Try it |
Keep the images out and copy every entry below exactly.

Stored dataset items |

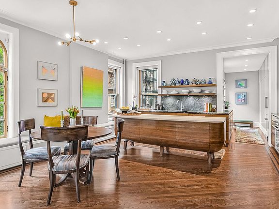 Step inside to discover the splendid features of this four-story, five-bedroom, three-bathroom residence. All aspects of the home have been updated. Each corner of this home speaks of meticulous attention to detail and high-end craftsmanship. The heart of the parlor floor is a custom designer kitchen with high-end appliances, soapstone countertops/backsplash, and a striking, curved kitchen island topped with Calacatta Ora marble. The kitchen is functional and aesthetically inspiring, with elegant finishes and ample concealed storage. It is a space crafted for culinary creativity and family gatherings.
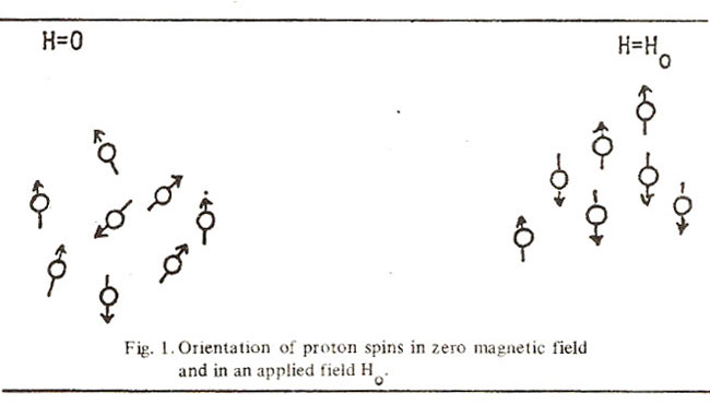 The hydrogen nucleus consist of a proton only; this proton has a half spin. Hydrogen nuclei in a zero magnetic field orientated randomly and align itself parallel or antiparaliel when magnetic field Ho is applied as shown in Fig. 1.
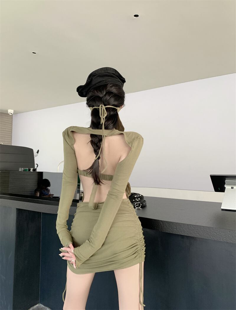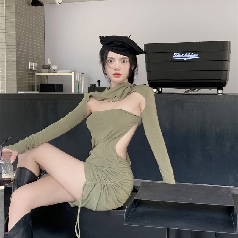 セクシーなドレスシースほろ苦いスタイルのドレスエンパイア女性ソリッドロングスリーブ膝上ミニスラッシュネックサマードレスレディース 長袖 大人ガーリー スウィート キュート カジュアル 夏物 ソリッドカラー got14856936919
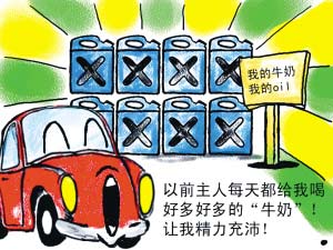 或許,當人類發(fā)明出不吃飯也能長大個的方法時,也就離無需耗能的永動機時代不遠了。不過現(xiàn)在,我們還需要吃飯,也還需要燒石油。石油價格飆漲只是給我們敲響了一聲警鐘,讓我們麻木的環(huán)保神經(jīng)稍微受了點刺激,完全憑漲價來控制石油的消耗量簡直就是異想天開。當然,僅憑我們個人的力量并不能改變什么,但如果每個人都能形成一種環(huán)保意識,我想就不會有那么多人追求大排量,也不會有那么多人追求大空間。試想,當有一天有錢都沒法加到油的時候,一輛排量再大、再有面子的車,也會顯得格外可笑。(陳鑫欣)
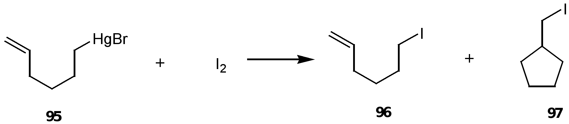 Реакция галогенирования ртутьорганических соединений является удобным методом получения галогенсодержащих органических соединений. Однако, данная реакция крайне чувствительна к условиям проведения процесса. В зависимости от структуры исходного ртутьорганического соединения, полярности растворителя, присутствия влаги или света, механизм реакции может измениться, и процесс будет проходить по радикальному механизму, что во многих случаях приводит к образованию продуктов реакции изомеризации и перегруппировки. Так, при взаимодействии 6-бромомеркурогексена-1 95 с йодом наряду с ожидаемым продуктом электрофильного замещения 96, происходит образование циклического продукта 97. 62
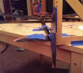 - Основная проблема заключается в том, что пилон стабилизатора крепится снизу балки – стандартный метод центровки стабилизатора с крылом (вклейка с перевернутым крылом) не проходит. Вынужден был придумать одинаковые подставки под крыло, крепить его на этих подставках, чтобы не съехало и долго промерять симметрию.
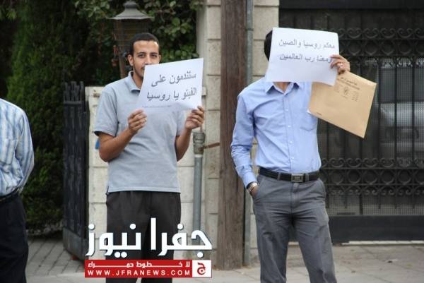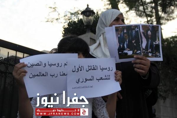 المعتصمون امام السفارة الروسية : ستندمون على الفيتو يا روسيا ..صور
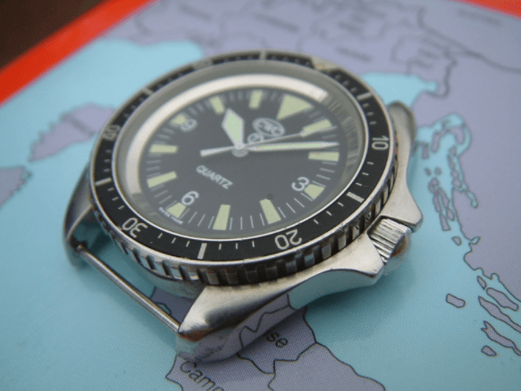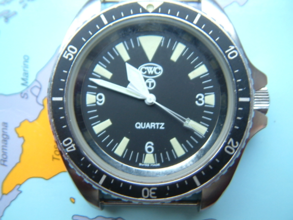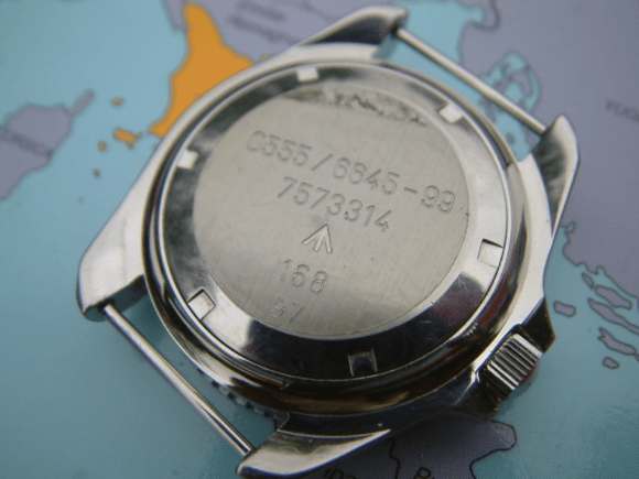 This is a genuine watch that was actually issued during it's life to a member of the armed services (probably a Royal Marine Specialist Diver). It bears the stores reference 0555/6645-99 7573314 and the issue number 168/97 indicating that it was the 168th such watch issued in 1997.

Your solution |
 Step inside to discover the splendid features of this four-story, five-bedroom, three-bathroom residence. All aspects of the home have been updated. Each corner of this home speaks of meticulous attention to detail and high-end craftsmanship. The heart of the parlor floor is a custom designer kitchen with high-end appliances, soapstone countertops/backsplash, and a striking, curved kitchen island topped with Calacatta Ora marble. The kitchen is functional and aesthetically inspiring, with elegant finishes and ample concealed storage. It is a space crafted for culinary creativity and family gatherings.
 The hydrogen nucleus consist of a proton only; this proton has a half spin. Hydrogen nuclei in a zero magnetic field orientated randomly and align itself parallel or antiparaliel when magnetic field Ho is applied as shown in Fig. 1.
 セクシーなドレスシースほろ苦いスタイルのドレスエンパイア女性ソリッドロングスリーブ膝上ミニスラッシュネックサマードレスレディース 長袖 大人ガーリー スウィート キュート カジュアル 夏物 ソリッドカラー got14856936919
 或許,當人類發(fā)明出不吃飯也能長大個的方法時,也就離無需耗能的永動機時代不遠了。不過現(xiàn)在,我們還需要吃飯,也還需要燒石油。石油價格飆漲只是給我們敲響了一聲警鐘,讓我們麻木的環(huán)保神經(jīng)稍微受了點刺激,完全憑漲價來控制石油的消耗量簡直就是異想天開。當然,僅憑我們個人的力量并不能改變什么,但如果每個人都能形成一種環(huán)保意識,我想就不會有那么多人追求大排量,也不會有那么多人追求大空間。試想,當有一天有錢都沒法加到油的時候,一輛排量再大、再有面子的車,也會顯得格外可笑。(陳鑫欣)
 Реакция галогенирования ртутьорганических соединений является удобным методом получения галогенсодержащих органических соединений. Однако, данная реакция крайне чувствительна к условиям проведения процесса. В зависимости от структуры исходного ртутьорганического соединения, полярности растворителя, присутствия влаги или света, механизм реакции может измениться, и процесс будет проходить по радикальному механизму, что во многих случаях приводит к образованию продуктов реакции изомеризации и перегруппировки. Так, при взаимодействии 6-бромомеркурогексена-1 95 с йодом наряду с ожидаемым продуктом электрофильного замещения 96, происходит образование циклического продукта 97. 62
 - Основная проблема заключается в том, что пилон стабилизатора крепится снизу балки – стандартный метод центровки стабилизатора с крылом (вклейка с перевернутым крылом) не проходит. Вынужден был придумать одинаковые подставки под крыло, крепить его на этих подставках, чтобы не съехало и долго промерять симметрию.
 المعتصمون امام السفارة الروسية : ستندمون على الفيتو يا روسيا ..صور
 This is a genuine watch that was actually issued during it's life to a member of the armed services (probably a Royal Marine Specialist Diver). It bears the stores reference 0555/6645-99 7573314 and the issue number 168/97 indicating that it was the 168th such watch issued in 1997.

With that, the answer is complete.